WASHINGTON. — In the midst of an ugly, partisan furor over whether Supreme Court nominee Clarence Thomas sexually harassed a female assistant a decade ago, the high tribunal itself opened a watershed term Monday.
The first case before the court told us that, with or without Judge Thomas, this man of strange and secret views about most things, the Supreme Court has become the promoter and protector of a mean and ugly shift in American rights and attitudes.
This Supreme Court, gingerly without Judge Thomas or brazenly with him, seems destined to end all meaningful federal pressures for the desegregation of the public schools. And perhaps, at the behest of the Bush administration, to say that federal judges should back off in trying to desegregate public colleges.
In the first case of this term, eight justices heard lawyers say that despite federal court orders over 20 years, most black children in DeKalb County outside Atlanta attend schools that are at least 90 per cent black, and most white children attend schools that are virtually all-white.
County officials argued that ''white flight'' away from black people and black concentrations in all-black communities had made real desegregation impossible. So, they argued, if no state-sponsored discrimination was involved, the federal courts ought to bug out.
In 1989 the federal appeals court in Atlanta sided with the black parents and students, saying that DeKalb County officials never obeyed the original desegregation order. It encouraged ''white flight'' and other circumventions of court orders. The appeals court threatened to order massive busing to desegregate the schools.

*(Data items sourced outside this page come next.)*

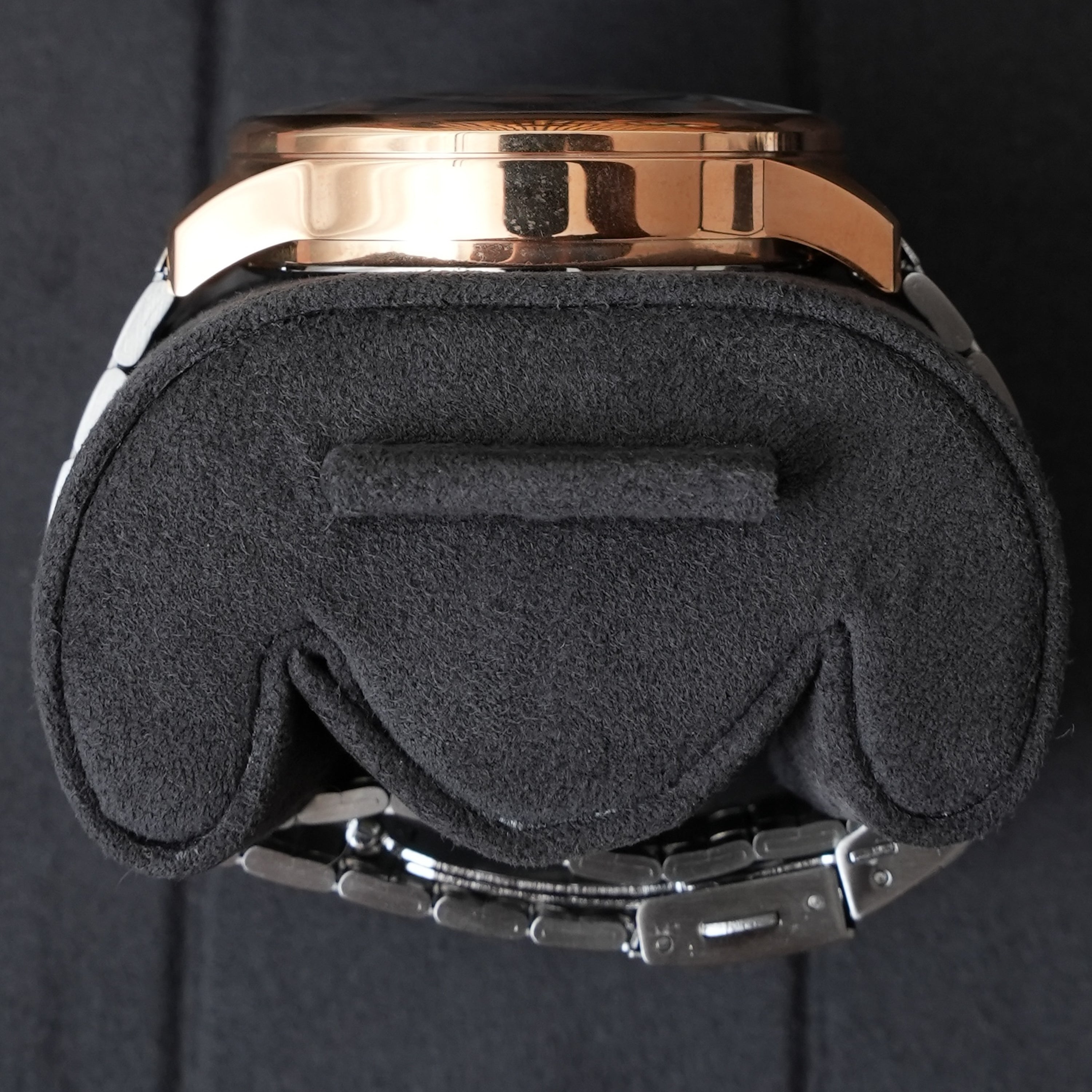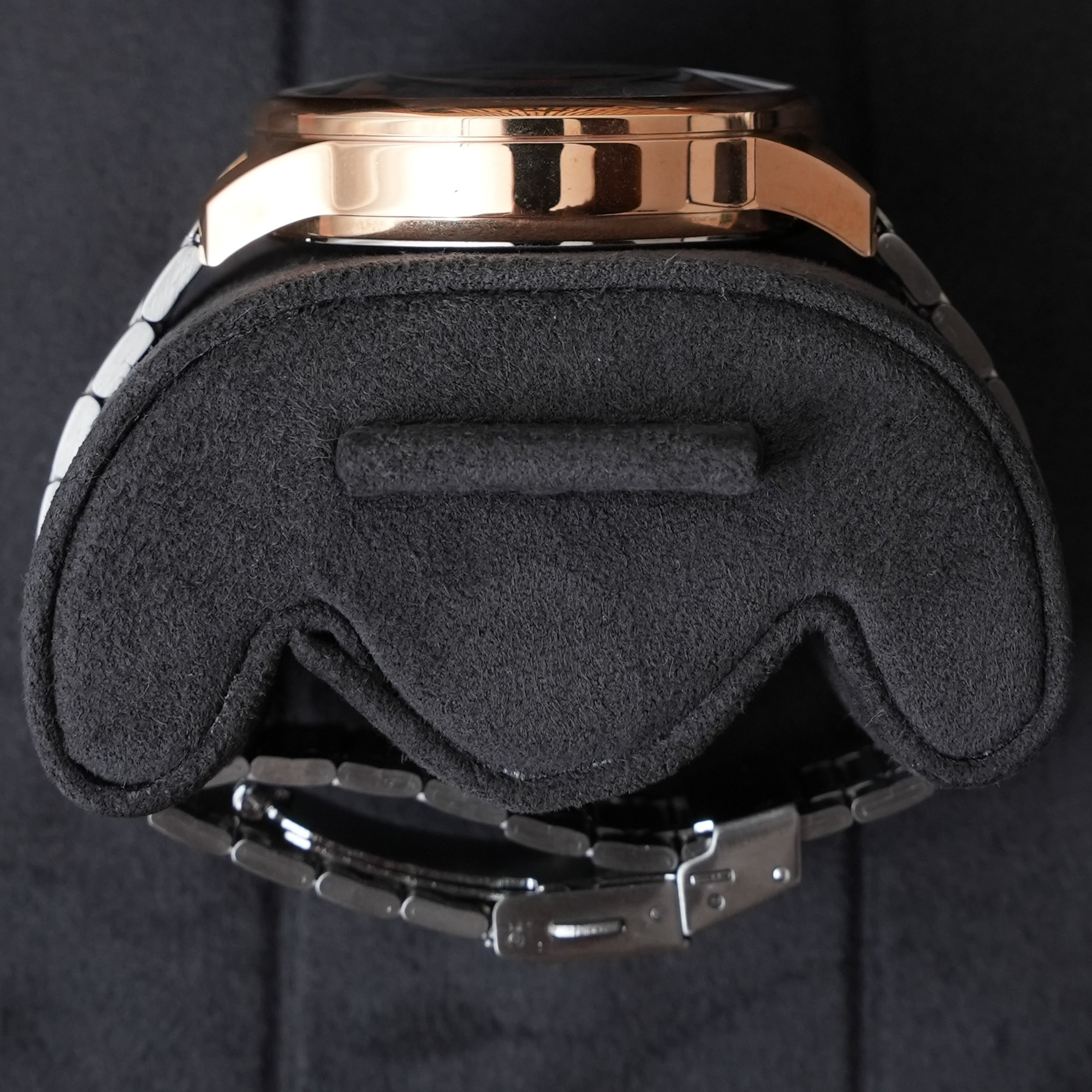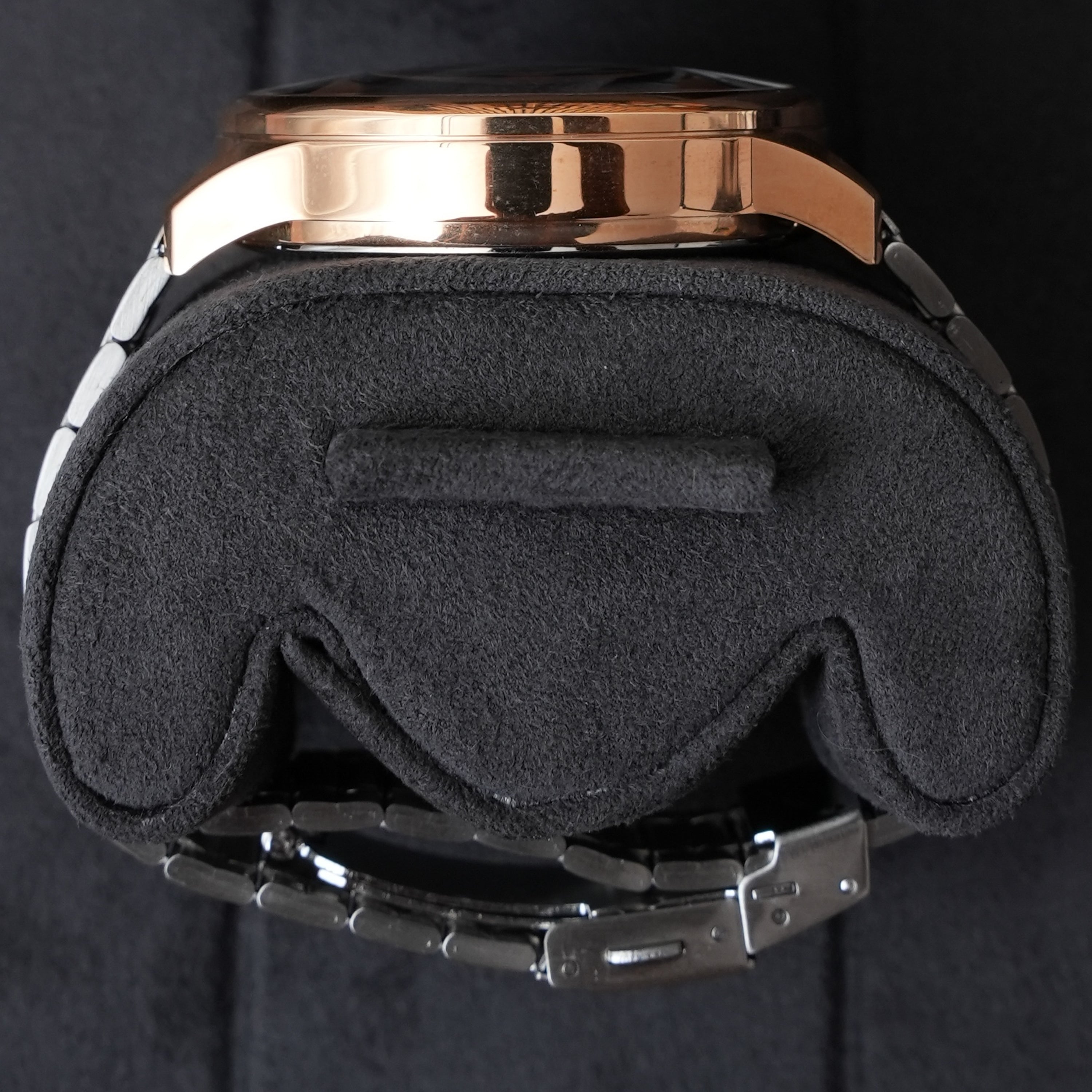 六角柱フォルム。パタンと開く蓋で腕時計を美しくディスプレイ。高級人工皮革「ウルトラスエード」を内装に全面使用。必要最小限のコンパクトなサイズ感。時計好きが設計した、時計好きのための腕時計ケース。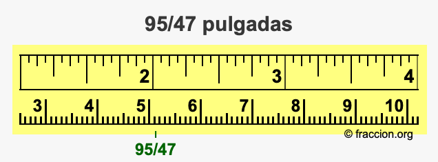 ¿Cómo convertimos 95/47 pulgadas a milímetros (mm)? ¿Cuánto es 95/47 pulgadas en mm? Aquí le mostraremos cómo convertir 95/47 pulgadas a milímetros en forma de fracción, cómo convertir 95/47 pulgadas a milímetros en forma decimal, y también le mostraremos 95/47 pulgadas en una cinta métrica.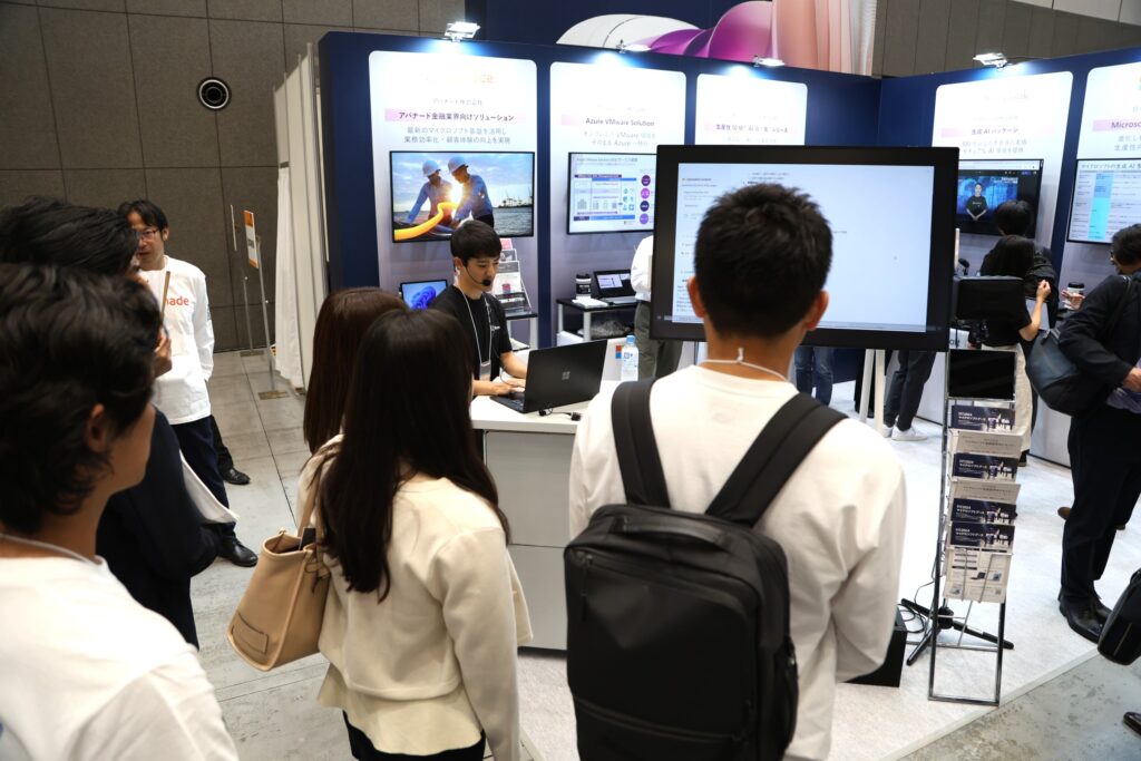 展示ブースでは、マイクロソフトやパートナー企業による自社ソリューションの紹介や各種デモンストレーションなどの実施、ミニステージでのプレゼンテーションなどを行った。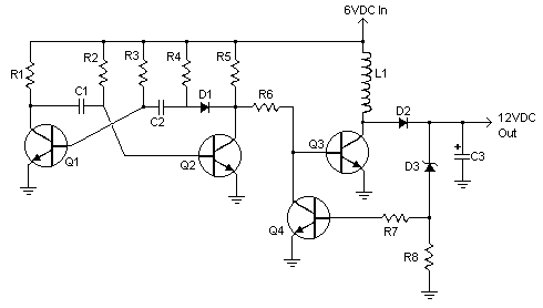 This inverter circuit can provide up to 800mA of 12V power from a 6V supply. For example, you could run 12V car accessories in a 6V car. The circuit is simple, about 75% efficient and quite useful. By changing just a few components, you can also modify it for different voltages.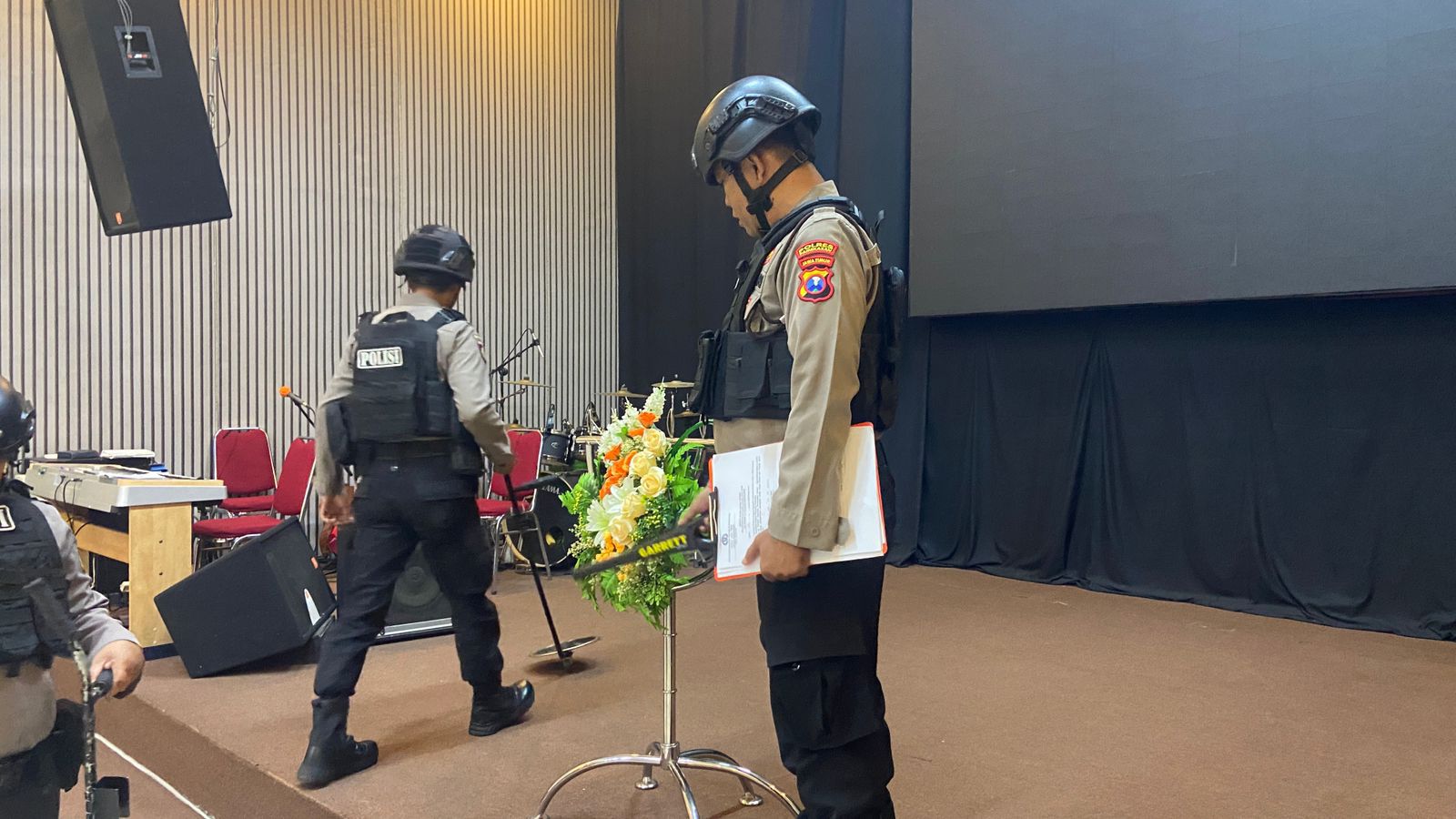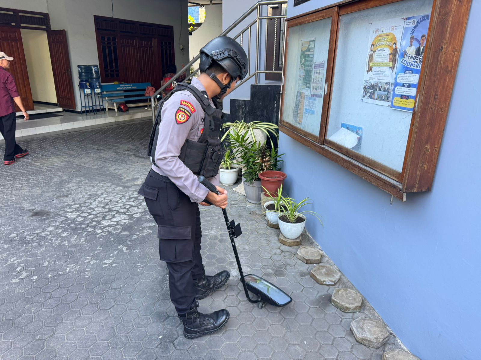 ​Personel Sat Samapta menyisir setiap sudut area rumah ibadah untuk memastikan tidak ada benda mencurigakan maupun ancaman keamanan lainnya.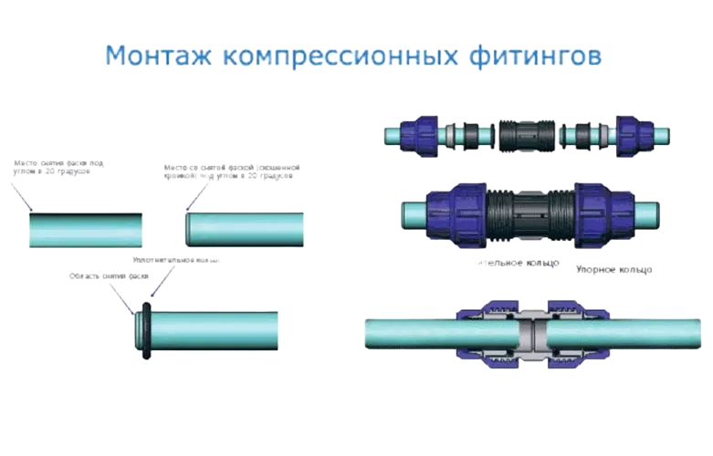 Монтаж компрессионных муфт возможен без специального инструмента.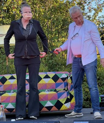 Jan-Robert Henriksen hadde et morsomt buktalershow med ordvert Tuva Adriane Lønne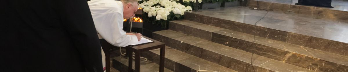 Bischof Dr. Franz Jung entzündete vor der 12-Uhr-Messe im Kiliansdom eine Kerze für den Verstorbenen, betete für ihn und trug sich als erster in das Kondolenzbuch ein. „Möge Papst Franziskus als Pilger der Hoffnung nun heimkehren zum himmlischen Vater und dort die Barmherzigkeit erfahren, die er Zeit seines Lebens verkündet hat. Danke, Papst Franziskus“, schrieb der Bischof.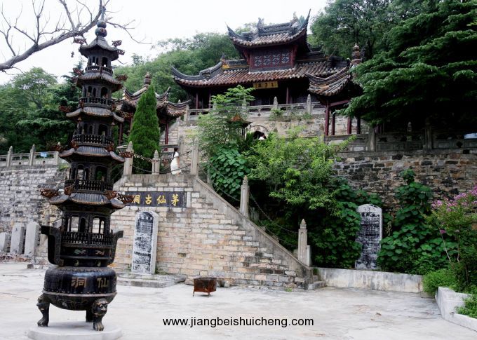 洞前建有兩層磚木結(jié)構的正殿一座,殿寬三間,飛檐翹角,額懸“茅仙古洞”四字木匾,殿旁建有六角涼亭;洞附近有大禹治水處、劉安瘃冉井、壽塘關等名勝古跡。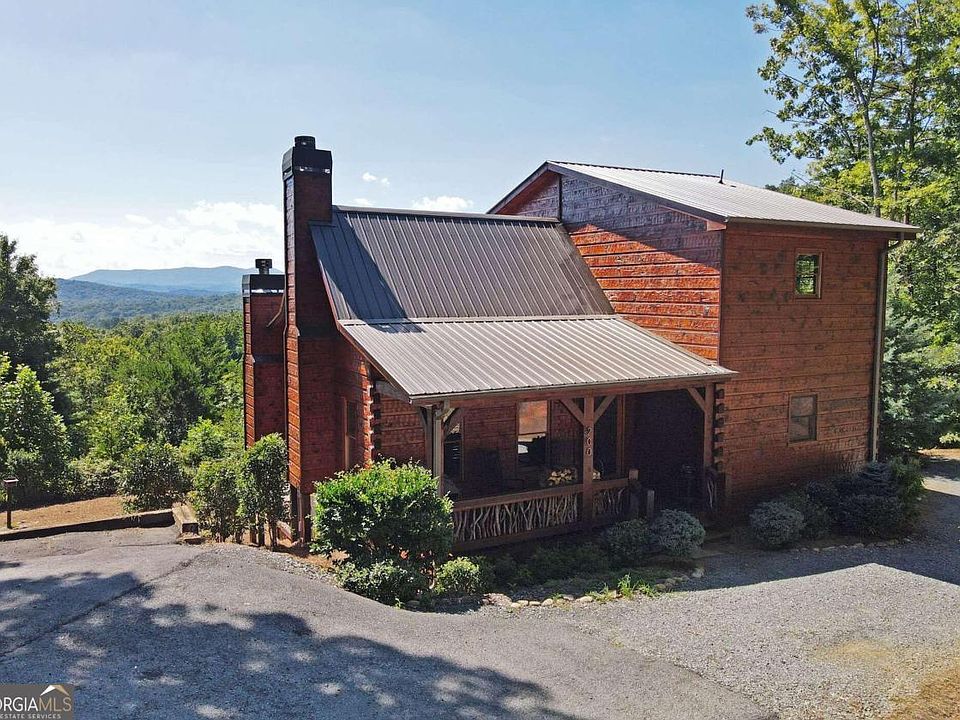 COMPLETELY FURNISHED! Gorgeous Craftsman Cabin Nestled in the serene hills of North Georgia. This Cabin offers a perfect blend of rustic charm and modern comfort. Featuring three bedrooms and three baths, this cozy retreat is ideal for entertaining guests. Three Bedrooms, one on each level, ensuring privacy and convenience. Three Full Baths well-appointed and tastefully designed. Entertaining Areas are Spacious and inviting, perfect for family and friends. Year-Round Long-Range Mountain Views. Enjoy breathtaking scenery from every angle. Fire Pit and Hot Tub Area is a great place to gather around, relax and unwind while taking in the natural surroundings under the stars. Just 5 miles away from Downtown Blue Ridge offering easy access to shopping, dining and entertainment. This craftsman cabin is a true gem, combining the tranquility of mountain living with the convenience of nearby amenities. Whether you're looking for a weekend getaway, investment property or a full-time residence, this property promises to deliver a lifestyle of relaxation and enjoyment. Don't miss the opportunity to own a piece of North Georgia's natural beauty!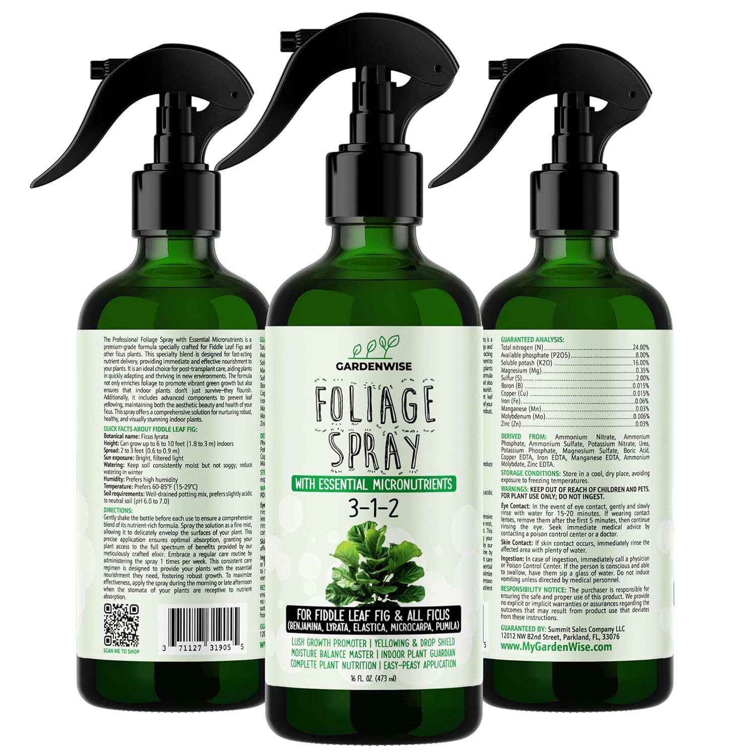 - 🍃 PREVENTS LEAF DROP AND YELLOWING: Our specially designed formula not only tackles common Fiddle Leaf Fig problems like leaf drop by providing the right balance of nutrients and moisture directly to the leaves, but it also acts as a preventive measure against leaf yellowing. This ensures your Fiddle Leaf Fig remains healthy, with lush green foliage.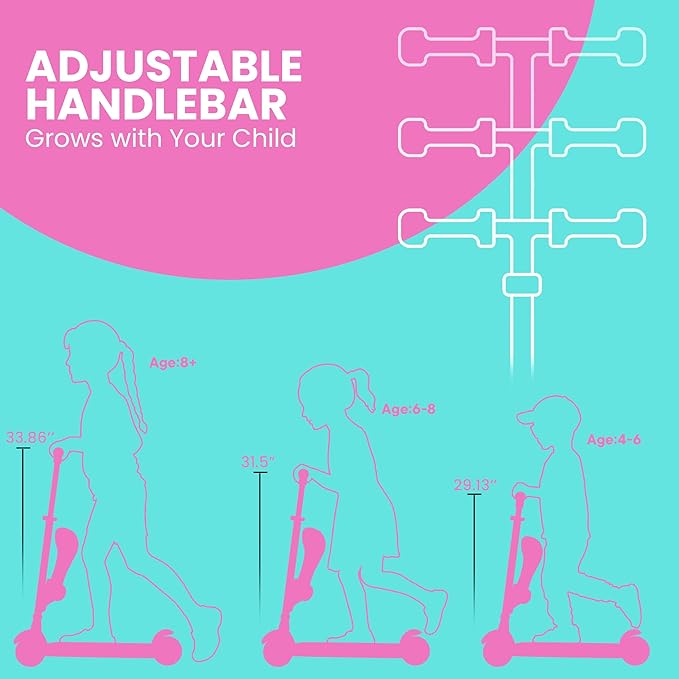 • Grows with Your Child – The adjustable T-bar handlebar offers four height settings (26.77’’, 29.13’’, 31.5’’, and 33.86’’ inches), making this kids 3 wheel scooter the perfect ride for toddlers as young as 2 years old weighing up to 165 lbs.

Will the Rehnquist-Scalia conservative court junk the views of the appeals court?
Two remarkable changes are involved in this case:
* For almost half a century, the White House has been an active supporter of school desegregation, though Eisenhower's devotion to ending Jim Crow was suspect. The Bush administration is the most blatant in 60 years at demanding that federal courts yield to local racial passions.
* New black confusions, manifest in weird ways by Judge Thomas, are reflecting anger, distrust, surrender, a bizarre expression of ''black pride,'' that has dragged many black people back to a self-defeating acceptance of ''separate but equal.''
''We've seen that these white people will never allow our children to go to school with their children, so to hell with em!''
''My child doesn't have to sit beside some white child to learn. All I want are equal facilities and good teachers.''
''The public schools have failed. Just give me the choice of having the government pay to send my kid to a private school.''
Those are just some of the black reactions that drive to despair ''Mr. Civil Rights,'' Thurgood Marshall, whose Supreme Court seat Mr. Bush chose to fill with Clarence Thomas. But those black cop-outs delight the modern white supremacists.
Naturally, I watch these tragic changes in the law as it is applied to issues of racial justice; but I watch with as much concern the likelihood that that court will, especially with Judge Thomas, alter profoundly the quality of American life in terms of free speech, religion and the state, press freedoms, family planning and abortion rights, the preferences for businesses as against consumers, and much more.
This term of the Supreme Court will enlighten us painfully to the fact that in electing a president who serves two four-year terms at most, we in effect ''elect'' a Supreme Court that will affect every facet of our lives for two generations.
Carl T. Rowan is a syndicated columnist.